Il “Bocia” libero da accuse assurde ed infamanti

Claudio “Il Bocia” di Bergamo è stato assolto dall’accusa di aver aggredito pochi anni fa due tifosi napoletani prima di un Atalanta-Napoli. Quella della digos bergamasca era una vera e propria infamia nei confronti di un ultrà che si è sempre distinto per lealtà e coraggio. Bisognava trovare un colpevole, e gli inquirenti hanno fatto leva sulla debolezza di alcuni giovani bergamaschi per incriminare il “Bocia”, un elemento scomodo, perché poco incline a piegarsi a compromessi e mediazioni. L’accusa era assurda. Secondo Il Pm, Claudio avrebbe colpito un napoletano con un corpo contundente in vetro, presumibilmente un bicchiere. Nella circostanza, il giovane partenopeo aveva riportato una profonda ferita ad un occhio. La lesione era talmente grave, che il ragazzo avrebbe successivamente perso la vista, chiedendo un pesante risarcimento danni ai suoi presunti aggressori. Per individuare i colpevoli, la polizia aveva fermato alcuni tifosi bergamaschi, sottoponendoli al consueto “trattamento” persuasivo. Questi avevano ceduto alle pressioni poliziesche, scaricando sul “Bocia” la pesante responsabilità dell’aggressione. Ma Claudio è stato validamente difeso da un avvocato che è riuscito a dimostrare la sua totale estraneità ai fatti. E quindi, le scorsa settimana, è stato assolto dall’infamante accusa. Il Pm aveva chiesto sette anni di reclusione.

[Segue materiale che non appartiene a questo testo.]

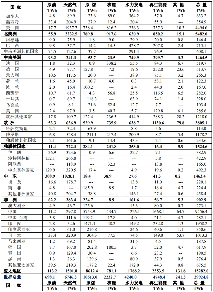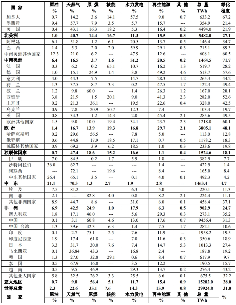 電力結(jié)構(gòu)是指電力來(lái)自一次能源的比例,由于各國(guó)所處的地理位置不同,資源貧富程度各不相同,甚至相差甚遠(yuǎn),這就構(gòu)成了世界各國(guó)各不相同的電力結(jié)構(gòu)。為了全面理解各個(gè)國(guó)家的電力結(jié)構(gòu),本文采用兩種形式來(lái)表示:⑴ 用各國(guó)一次能源生產(chǎn)的電力(TWh)來(lái)表示;⑵ 將各國(guó)一次能源生產(chǎn)的電力化為百分率來(lái)觀察電力綠化程度。

La condanna avrebbe rappresentato un oltraggio alla dignità ed alla giustizia, oltre che un segnale intimidatorio nei confronti di tutti gli ultrà. È noto, infatti, che in tempi recenti, grazie ad una sentenza della Cassazione ed alle iniziative di alcune associazioni garantiste, l’impianto normativo escogitato dai governi per distruggere definitivamente il tifo organizzato, è entrato parzialmente in crisi. L’evidenza dimostra che la nuova legge è stata concepita per sorvegliare, punire indiscriminatamente ed esportare fuori dagli stadi sistemi di intervento repressivo che servono solo ad azzerare le libertà più elementari. Per questi e mille altri motivi, la assoluzione del “Bocia” è un fatto significativo ed importante. Un chiaro esempio di come si possa mettere in croce una persona innocente, sottoponendola allo stress psicologico di processi estenuanti ed allucinanti mattinate in Procura. A Claudio, che in questi anni con la sua curva è rimasto uno dei pochi baluardi della cultura ultrà, la solidarietà e gli auguri della redazione di Tam Tam e delle curva “Bergamini”.